## TASK TO COMPLETE
A faithful copy of all the data is required; pictures should not be included.

GIVEN DATA section start

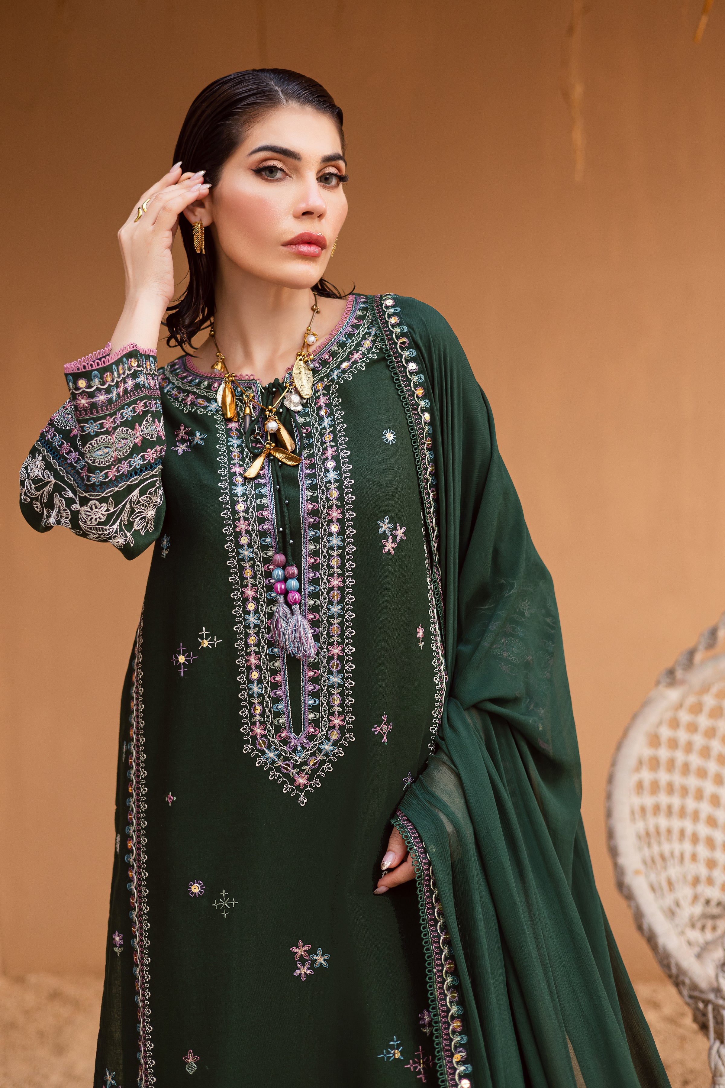 This long, bottle green khaddar heavily embroidered shirt is a masterpiece of craftsmanship, featuring intricate compositions brought to life with 7mm sequins for a subtle shimmer. The neckline is delicately adorned with beads and tassels, while the embroidered sleeves add a graceful finish.
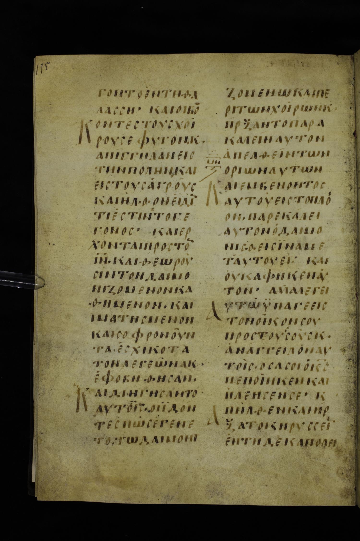 Ninth century majuscule of the Gospels on parchment; 254 leaves, 2 columns, 24-31 lines per column.
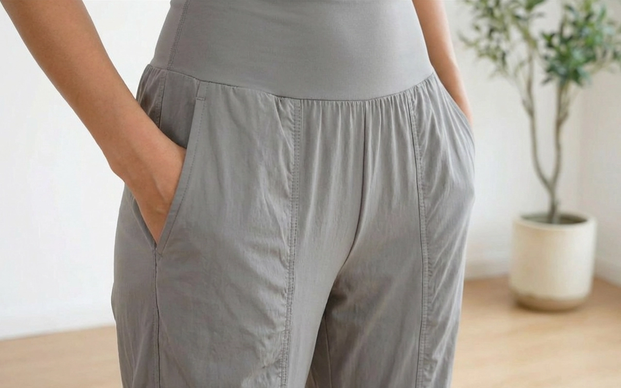 Som plus size-kvinne er jeg kresen på bukser. Disse faller pent, klemmer ikke magen og lar meg fortsatt strekke meg på gulvet med barna uten problem.
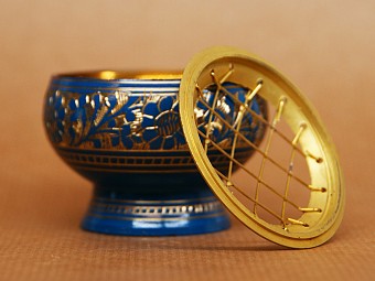 Metal Incense Charcoal Burner in Blue, Red or Green with Gold Trim
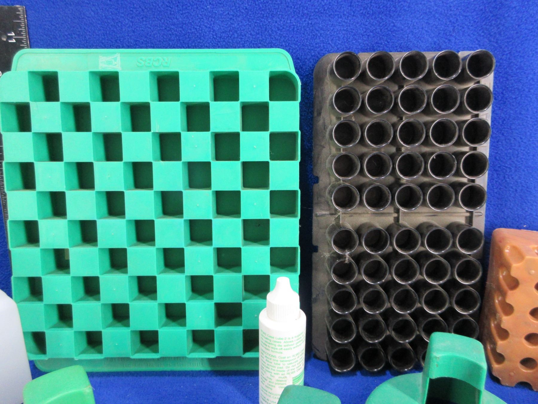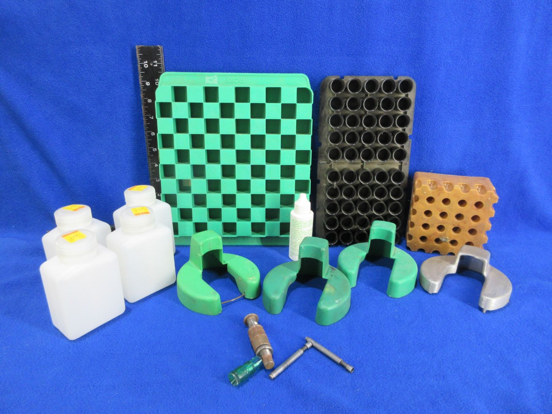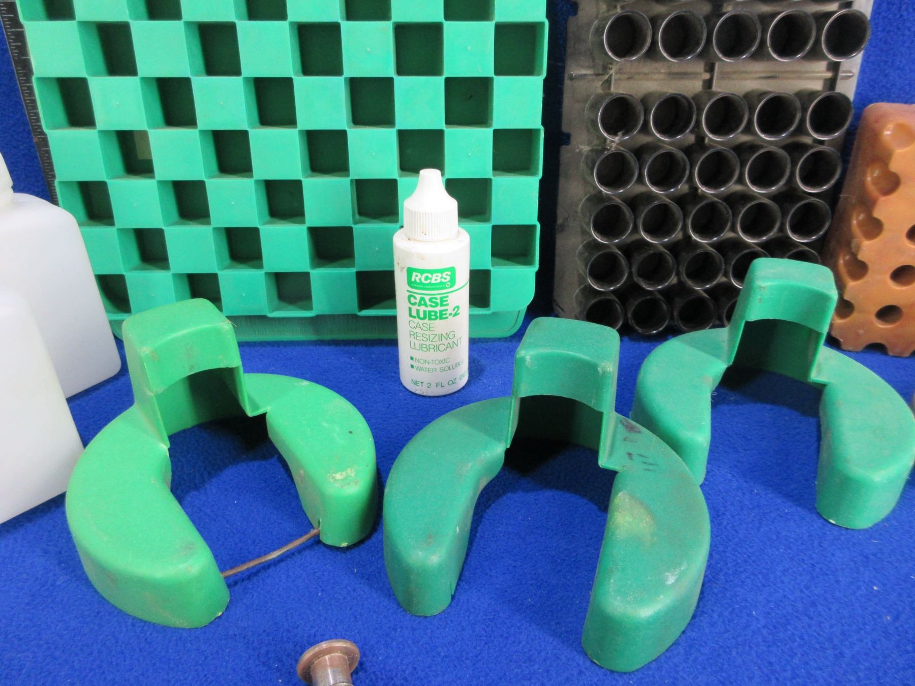 Lot of Misc. Reloading Equipment - 4 RCBS Primer Catchers, 3 Reloading Blocks, RCBS Case Lube-2, 4 Plastic Bottles, Parts
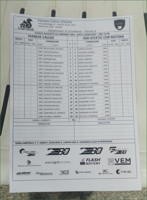 VIANESE-ATLETIC C.D.R. MUTINA: 2-0
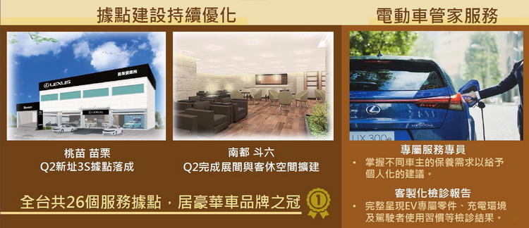 除了車款產品布局外,在服務面上,今年將擴大導入LEXUS LINK服務;對於電動車車主也將以電動車管家服務來給予車主更具個人化的服務;隨著LEXUS品牌在台25周年,和泰也將推出一系列的活動與回饋。
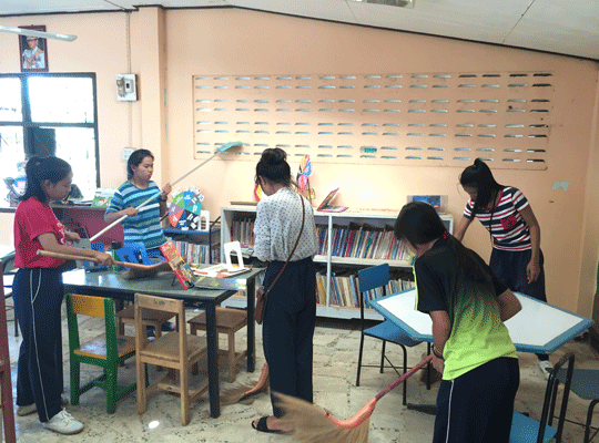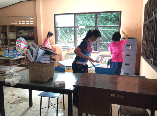 กิจกรรมในชมรม TO BE NUMBER ONE จิตอาสา พัฒนาชุมชน ณ ห้องสมุดโรงเรียนห้วยขมิ้น
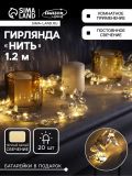 Гирлянда «Мишура» 1.2 м роса с насадками «Кристаллы», IP20, серебристая нить, 20 LED, батарейки CR2032х2 (в комплекте), свечение тёплое белое
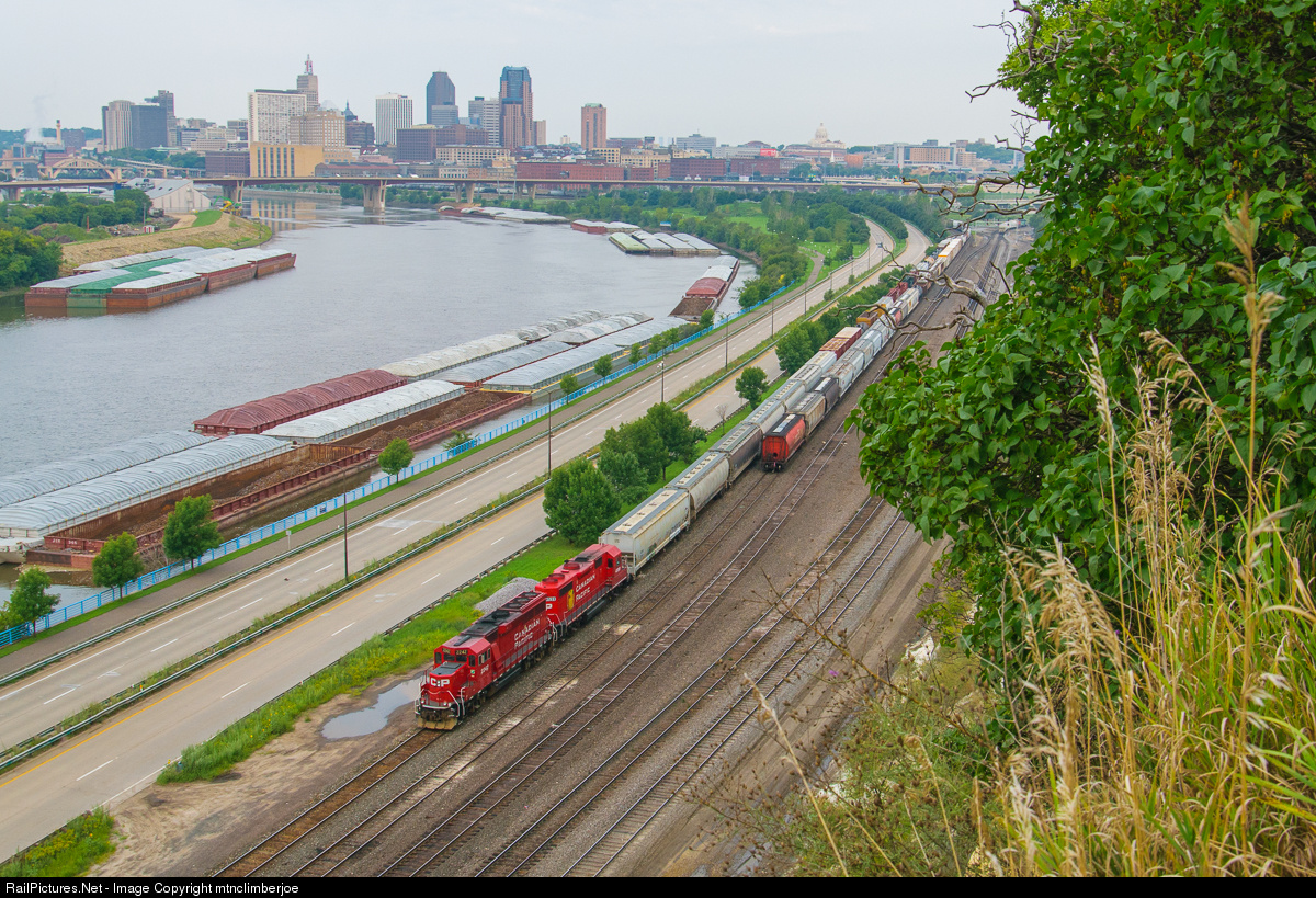 A pair of CP GP's lead a local along the Mississippi and into CP's Saint Paul yard.
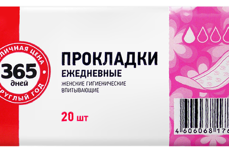 Прокладки ежедневные гигиенические 365 ДНЕЙ впитывающие, 20шт доставка
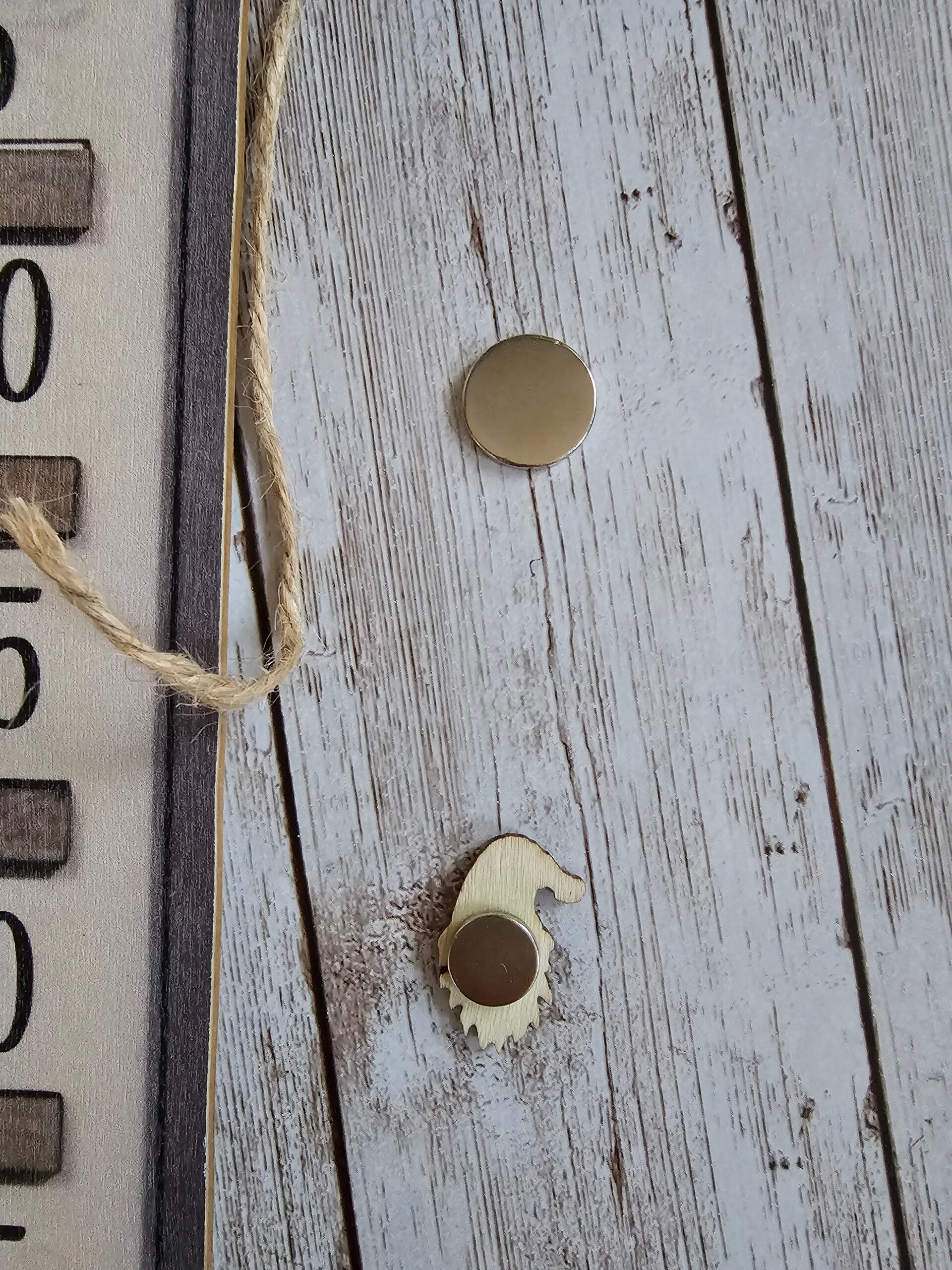 Damit der kleine Gnom ordentlich über das Schild hüpfen kann, habe ich ihn mit einem Magneten versehen, welcher mit einem großen Magneten verbunden ist.

GIVEN DATA section end

## SOLVED EXERCISE
 This long, bottle green khaddar heavily embroidered shirt is a masterpiece of craftsmanship, featuring intricate compositions brought to life with 7mm sequins for a subtle shimmer. The neckline is delicately adorned with beads and tassels, while the embroidered sleeves add a graceful finish.
 Ninth century majuscule of the Gospels on parchment; 254 leaves, 2 columns, 24-31 lines per column.
 Som plus size-kvinne er jeg kresen på bukser. Disse faller pent, klemmer ikke magen og lar meg fortsatt strekke meg på gulvet med barna uten problem.
 Metal Incense Charcoal Burner in Blue, Red or Green with Gold Trim
 Lot of Misc. Reloading Equipment - 4 RCBS Primer Catchers, 3 Reloading Blocks, RCBS Case Lube-2, 4 Plastic Bottles, Parts
 VIANESE-ATLETIC C.D.R. MUTINA: 2-0
 除了車款產品布局外,在服務面上,今年將擴大導入LEXUS LINK服務;對於電動車車主也將以電動車管家服務來給予車主更具個人化的服務;隨著LEXUS品牌在台25周年,和泰也將推出一系列的活動與回饋。
 กิจกรรมในชมรม TO BE NUMBER ONE จิตอาสา พัฒนาชุมชน ณ ห้องสมุดโรงเรียนห้วยขมิ้น
 Гирлянда «Мишура» 1.2 м роса с насадками «Кристаллы», IP20, серебристая нить, 20 LED, батарейки CR2032х2 (в комплекте), свечение тёплое белое
 A pair of CP GP's lead a local along the Mississippi and into CP's Saint Paul yard.
 Прокладки ежедневные гигиенические 365 ДНЕЙ впитывающие, 20шт доставка
 Damit der kleine Gnom ordentlich über das Schild hüpfen kann, habe ich ihn mit einem Magneten versehen, welcher mit einem großen Magneten verbunden ist.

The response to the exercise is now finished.